# Spacemen



## foztex (Nov 6, 2005)

Well Ive been meaning to get round to sorting these out for ages. My second ever watches. Got a G10 in London but then walked into a second hand shop and found these.

I couldnt decide which one I liked best and decided to get all of 'em. the straps were a bit tatty and needed gluing, but apart from that they are squeaky.

so now I've sorted the straps and am well happy with me triplets!


















I actually bought one first then got the other 2 a couple of days later once I had truly fallen in love and decided I needed spares should my beloved ever falter.

So the one on the right is my fave, the middle is Zeno signed but I am not keen on the dots. the left one has a painted matt black dial as opposed to the leather texture of the other 2 but it does have a dangly thing.
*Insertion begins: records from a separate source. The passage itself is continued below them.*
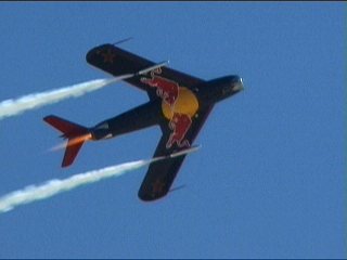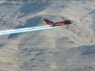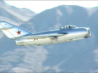 お、なんか派手なのが出てきました!アメリカでは比較的メジャーなMiG-19のデモです。
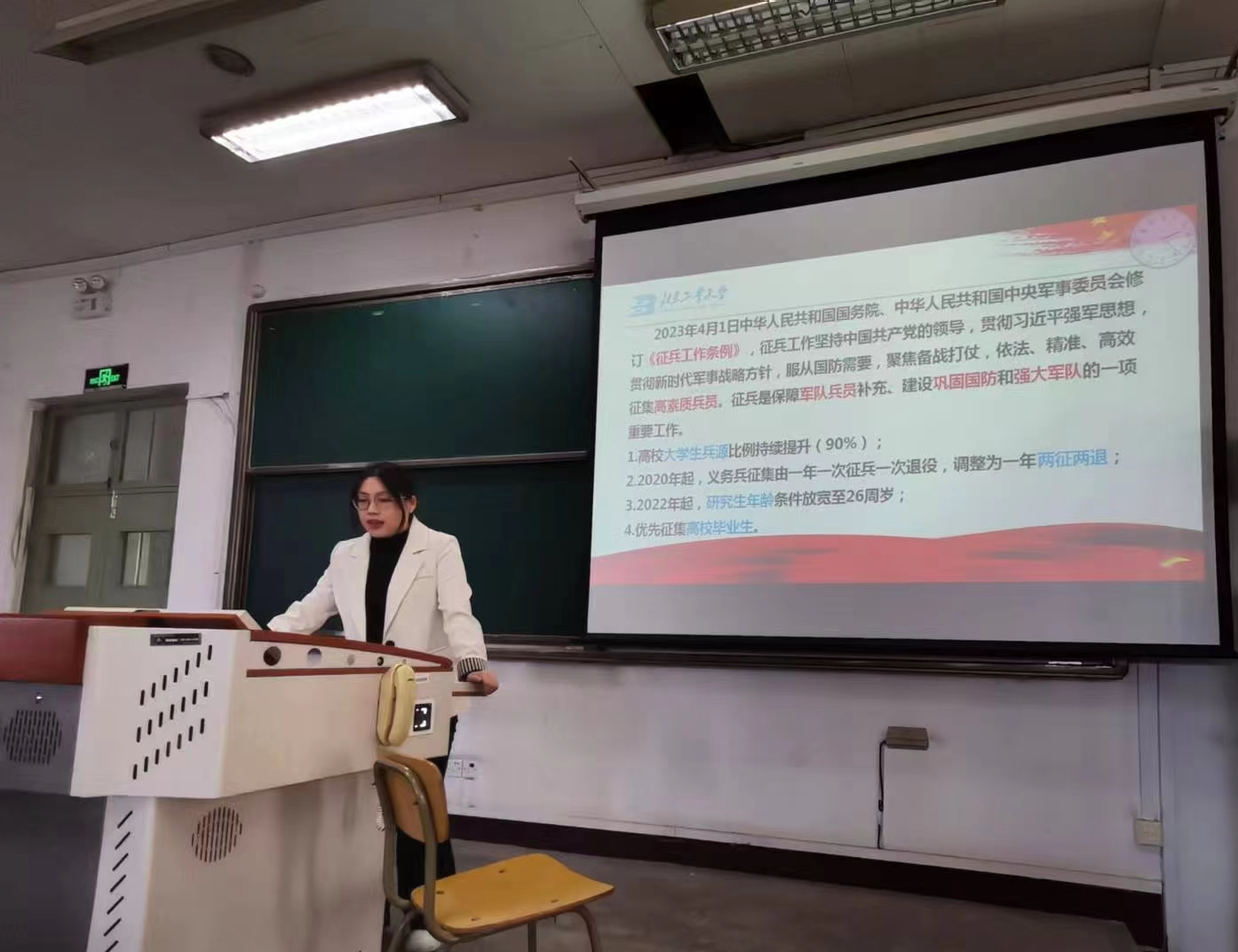 接着信息学部征兵工作专员吴皓璐老师为参会员工详细介绍了当前的北京市征兵优待政策,鼓励员工们积极参军入伍。
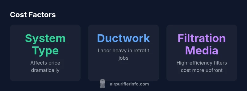According to Air Purifier Info, understanding the whole-house air filtration system cost starts with identifying what you are trying to achieve for indoor air quality and how your home is built. The total price is not a single number; it reflects several moving parts: the filtration method (basic pre-filters vs true HEPA or electrostatic/electronic cleaners), the number of zones or rooms connected to the system, and whether the purifier is integrated into your existing HVAC ductwork or added as a retrofit. The scale of ductwork, required changes to supply/return runs, and the complexity of the installation can multiply costs quickly. The consumer should also consider whether the system uses standard filters (low-cost) or high-efficiency filters that require less airflow restriction but come with higher upfront costs. In many homes, the biggest cost driver is ductwork modifications or new duct runs to accommodate proper filtration across all living spaces. When evaluating entire-house options, translate the numbers you see into: equipment price + labor + potential ductwork changes + any permit or electrician hours. The house you live in and your climate play a role too, as long duct runs or high-efficiency filters may mean more materials and labor.
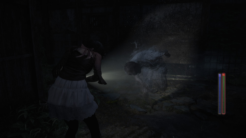 Spirits can appear when least expected. They may grab Mio's hand when reaching for an item, or await beyond a door recently opened, reminding players that danger lurks in every shadow.
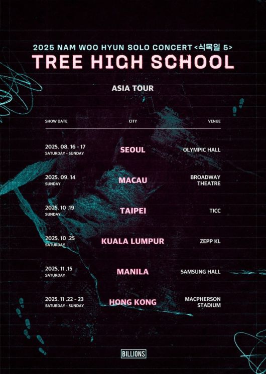 소속사 빌리언스는 15일 0시 공식 SNS를 통해 '2025 남우현 솔로 콘서트 '식목일5 - 나무고(高) :트리 하이스쿨'(2024 NAM WOO HYUN SOLO CONCERT '식목일5 - 나무고(高) :TREE HIGH SCHOOL')'(이하 '식목일5') 아시아 투어 포스터를 공개했다.

I think they are all fab now
















by the way my fave is satin chromed whereas the other 2 are shiny, I think that was one of the main points that lead me to that one as the first choice.

Andy


----------



## JonW (Mar 23, 2005)

Nice Pic! I love these...









Are those leathers the original then? they have a huge taper - these days they would be straight all the way to the clasp I guess.

Did these come on a bracelet as well back in the day?


----------



## foztex (Nov 6, 2005)

JonW said:


> Nice Pic! I love these...
> 
> 
> 
> ...


 Cheers Jon,

yes the straps are original, it's a hoot though they are dead cheap looking (holes off centre, tin buckle) but very comfy.

They come on bracelets as well. I have been trying to get one but they come up really rarely and go for the price of decent beater. I picked up a Tokyo bay Spaceman homage the other day specifically to pinch the bracelet off it. I need to grind the ends though and its not the same nice continuous taper of the genuine article, just a short taper to a straight bracelet.

Andy


----------



## jasonm (Nov 22, 2003)

Wow, you lucky bugger









Very 70s, Funky Foz....


----------



## PhilM (Nov 5, 2004)

Now surley that's being greedy having 3, then again if I had the chance to own them, I'm sure I would have gone for it as well









Great picture by the way


----------